Within the business plan of your SME, an essential section is the financial plan, which is what allows you to make projections about the profitability of your company. Read on to learn about the must-haves to consider when creating this key document.
According to an article on the Entrepreneur portal, the objective of any financial plan is to determine if the business you are raising is viable . Along with that, you need to answer the following questions:
- How much financing does it require?
- In what stages will it be necessary?
- What types of financing are more convenient?
- What will be the sources of the Financing ?
To answer these questions you need to determine some key points.
These are the basic items that your financial plan should have
Before addressing the aspects that the finances of your business model should raise, it is essential that your projection is in the short, medium and long term , as advised by the Association of Entrepreneurs of Chile.
With this in mind, take note of the sections that you should consider within your financial plan , as proposed by the Lexington Business Center:
1. Initial investment plan
It reflects the investments that you have to make for the operation of the business, taking into account from the software, machines and facilities that you use to the salaries of workers, insurance and supplier payments.
2. Sources of financing
Within your investment plan, stipulate the people and entities that provide you with the capital you need.
The sources of financing can be your own (yourself) and someone else’s (family, friends, government, banks or specialized companies).
Here it should be noted that factoring is an ideal financing modality for SMEs, as it does not imply any type of debt, since it works as an advance on invoices that you have already generated and that you only hope to be paid.
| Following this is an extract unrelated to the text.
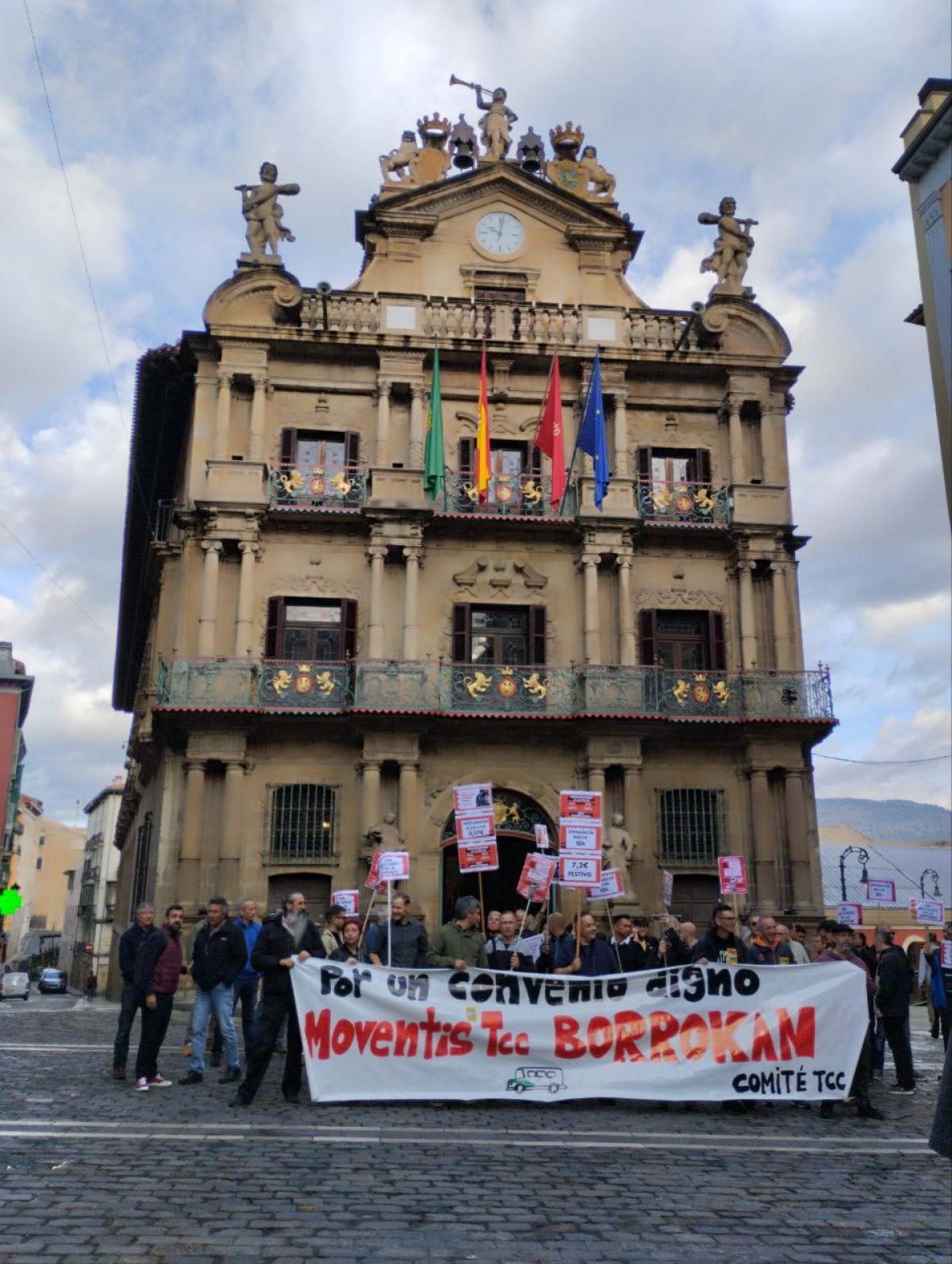 La plantilla de TCC Moventis vuelve a concentrarse, esta vez en el Ayuntamiento de Pamplona para exigir soluciones en la negociación del convenio.

Of course, we recommend that you integrate factoring costs within your budget so that you know exactly how much you are going to receive in each operation.
3. Balance sheet
In this document you describe the financial situation of your business at any given time, taking into consideration 3 aspects:
- Assets: the goods and rights that have the potential to generate money for the company, through use, sale or exchange.
- Liabilities: the debts and financial obligations that the company has.
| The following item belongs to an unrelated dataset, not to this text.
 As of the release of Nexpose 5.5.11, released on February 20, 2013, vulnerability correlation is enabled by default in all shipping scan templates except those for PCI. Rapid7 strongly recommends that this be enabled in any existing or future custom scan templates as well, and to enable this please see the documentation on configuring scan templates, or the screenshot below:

- Net worth: are all the own funds that the company has.
With this information, you can recognize the value of your business , according to Abdul Rimaaz, so you must update it once a year.
Take into account that this document is key to obtain financing from third parties.
4. Cash flow projection
Here you must capture the movements or cash flow to make decisions regarding how you use the money in a given time.
To determine the projection of your cash flow take into account these factors :
- Sales (those that pay you in cash and those that you have to collect).
- The purchase of supplies that you will make in the period.
- Loans that you expect from third parties (and the value of the installments to pay)
- Administrative expenses, payment of salaries, taxes and others.
5. Profit and loss account
It is the economic result that arises from the difference between income and costs, as explained in the Lexington article cited above.
6. Break-even analysis
This analysis is what allows you to price your products and services.
It refers to the minimum sales level that equals total costs to total revenue. That is, how much do you have to sell in order not to lose.
Establish different scenarios in your financial plan
As you can see, the financial plan is the part of your business model that allows you to make decisions to achieve the objectives you set for yourself.
It is very important that you clearly capture the information about your current situation and your future projections. Along with this, work out three versions: optimistic scenario, moderate scenario, and pessimistic scenario. This way, you will know what to do in the worst case.